Here's the resulting sentinel.conf (for all sentinels) after a few minutes- note the two slaves:

sentinel monitor shard-172 XXX.XXX.XXX.244 6379 7
sentinel failover-timeout shard-172 60000
sentinel config-epoch shard-172 0
sentinel leader-epoch shard-172 0
sentinel known-slave shard-172 XXX.XXX.XXX.177 6379 <--- True slave of shard-172
sentinel known-sentinel shard-172 ...
...
sentinel monitor shard-188 XXX.XXX.XXX.96 6379 7
sentinel failover-timeout shard-188 60000
sentinel config-epoch shard-188 0
sentinel leader-epoch shard-188 0
sentinel known-slave shard-188 XXX.XXX.XXX.194 6379 <--- True slave of shard-188
sentinel known-slave shard-188 XXX.XXX.XXX.177 6379
sentinel known-sentinel shard-188 ... 
1

1 Answers

0
votes

This is what I call an "ant problem": you have two (or more) pods (master+slave) intermingled. You indicate this when you show that one of your pods has multiple slaves.

Specifically:

Here's the output of the SENTINEL MASTERS command. The strange thing is that shard-188 has two slaves, when in fact it should only have 1.

What you need to do is:

  1. Remove those parts (shard-188 and shard-???) from all sentinels via sentinel remove shard-NNN
  2. Bring the pods that those slaves are in down
  3. Configure them correctly (proper slaveof commands/configuration)
  4. Bring them back online
  5. Ensure they each have only the one correct slave
  6. Add them back into the Sentinels via sentinel monitor ...
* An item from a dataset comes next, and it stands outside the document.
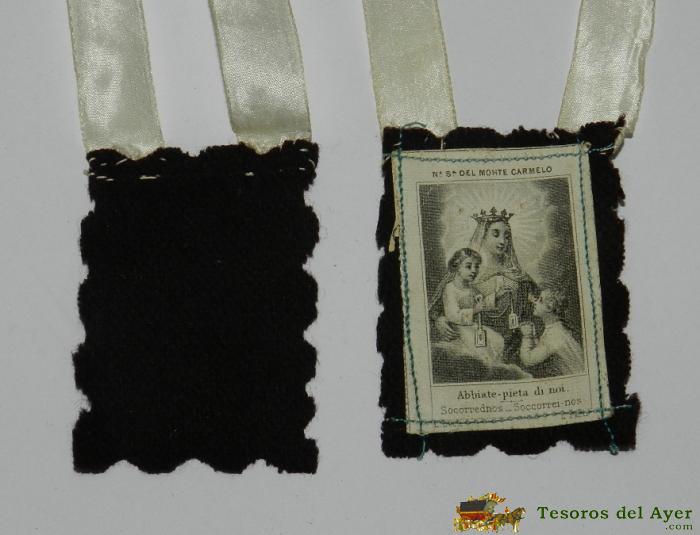 ANTIGUO ESCAPULARIO, DE NUESTRA SEÑORA DEL MONTE CARMELO, MIDE CADA CUADRO 8,5 X 7 CMS. EN TELA.

Now technically you could use the sentinel reset command but you'd be facing potential timing issues so removing them from Sentinel is the sure-fire route to go. Optionally you can leave the master/slave up and simply reconfigure the slave appropriately. If you go that route wait a few minutes and check the slave listing before moving into step 6.